I was kind of hoping that you veterans can give me some pointers on how to do that : )

Anyhow our use cases:

  1. Nagios checks using community plugins (in pull model using CHECK_NRPE and NSClient++). Some checks are written by team members to address more complex issues (in both pull and push model, depending on scenario)
  2. We use PNP4Nagios to graph our metrics (which I found awful and time consuming to dig in)
  3. We use Nagstamon to route events/alerts to engineers since I’m allergic to automatic incident creation in ITSM tools (years working with SCOM will do that to you). Main purpose is the sound notifications, that are very hard to ignore. Internally we are using Microsoft Teams, but our client forbids us to send events there (due to security compliance requirements). Same story with Slack.
  4. We use Nagios out-of-the-box history for check, to review how long things like backups or updates took or correlate if they could affect other processes (so basically trend and patterns analysis).

And here’s my ideas and struggles on how to migrate/address them with Sensu GO / InfluxDB / Grafana:

  1. As I dig in to Sensu GO, I’ve found that fist two requirements can be easily replicated by standard agents for the pull scenarios. Push scenarios can be done either by taking advantage of backend REST API (which is brilliant!) or pushing result to StatsD component of agent. So far so good.
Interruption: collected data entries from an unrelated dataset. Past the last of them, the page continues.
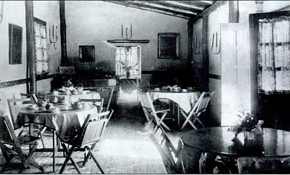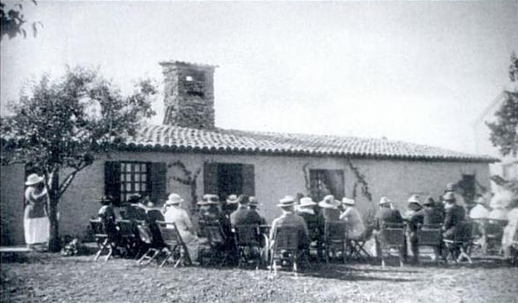 About 1921 artist-architect Jo Mora has contracted by Fr. Menstres to rehabilitate and expand the adobe. The remodeling of the Orchard House included a large fieldstone chimney by stonemason Juan Martoral, refurbished tile roof, new brick floor, garden patio doors and replastering. The kitchen and bathroom were located in the adjacent Machado-Tevis House. Fr. Menstres original intention was to use the home for visiting dignitaries to the mission, but now that it was all prettied-up, Clarabel Haydock Zuck (Carmel's first female mayor) and Mary M. Smith convinced him to sell them the 2.5 acre property in 1924 which they would open as the Mission Tea House. This popular Carmel dining spot served lunch, afternoon tea and were known for their tasty chicken enchilada dinners. The onset of the Great Depression, beginning with the Wall Street Crash of 1929 forced its closure.
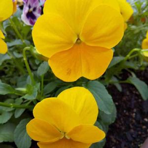 今朝の庭 今日は1日雨☔ 本降りになる前によく咲くスミレちゃん yellow powerで気分アップ🎶🎶
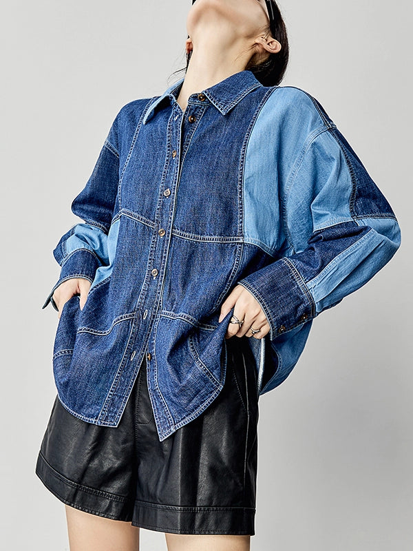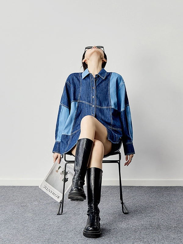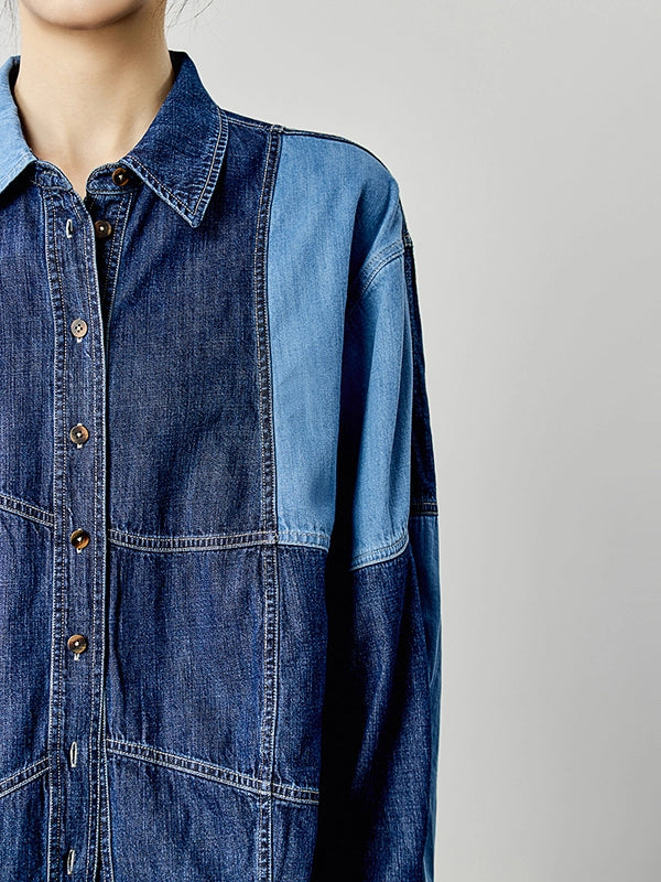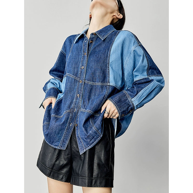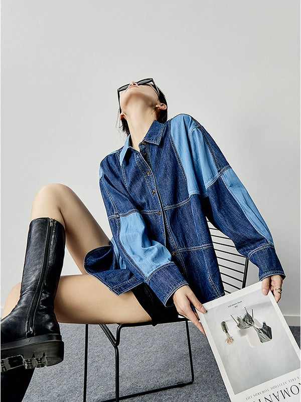 濃淡の異なるデニム生地を大胆に切り替えたデザインシャツ。ステッチラインとボリュームスリーブが印象的で、羽織るだけでコーデが締まる一枚。厚みのあるコットンデニム素材で、春秋のライトアウターとしても◎。
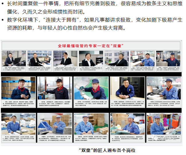 實(shí)際上,自1997年開(kāi)始,樓仲平結(jié)識(shí)時(shí)年已70高齡的日本友人桑原道昭先生。后又在其持續(xù)影響下隨先生到日本各地參訪(fǎng)、交流;2001年起受日本“利他經(jīng)營(yíng)、人本經(jīng)營(yíng)”的影響,決定逐步引進(jìn)在“雙童”實(shí)踐。而在學(xué)習(xí)吸收日本匠人精神的過(guò)程中,樓仲平也看到了其在數(shù)字化時(shí)代背景下的局限性:

  2. Metric collection part is easy due to your awesome InfluxDB handler. From there we can use Grafana to visualize and analyze trends.
    I do however struggle a bit figuring out how would be possible to handle combination of service check with metric gathering the similar way that Nagios does.
    In Nagios world, there is something Status Information and Performance Data. This lets us have one check that is doing both: outputting humanly readable messages, and data that lets us do graphing for later analysis.
    So far, I’ve found two ways to replicate that in Sensu:
    a) Outputting check result as Nagios Performance Data, setting check output_metric_format to nagios_perfdata and push it to InfluxDB via sensu-influxdb-handler handler
    b) Creating two separate checks, one for alerting, and one for metric gathering
    Option a: worked okay in testing but is kind of awkward. In Dashboard UI there isn’t any separation between humanly readable information and performance data, which depending on the length of output and number of performance indicators can get long, messy and affect readability. This also limits our options when it comes to existing plugins. I would either have to write a wrapper script to transform data or create mutator.
    Option b: One could argue, that this kind of defeats the purpose of implementing Sensu in the first place, since if there is a need of doing it twice. Simpler way would be probably just use Telegraf to get data and Grafana Alerts. And if that’s the case, I would have much more difficult time to present case to kill Nagios and switch over to Sensu.
    Is my way of thinking correct here? Or am I missing something?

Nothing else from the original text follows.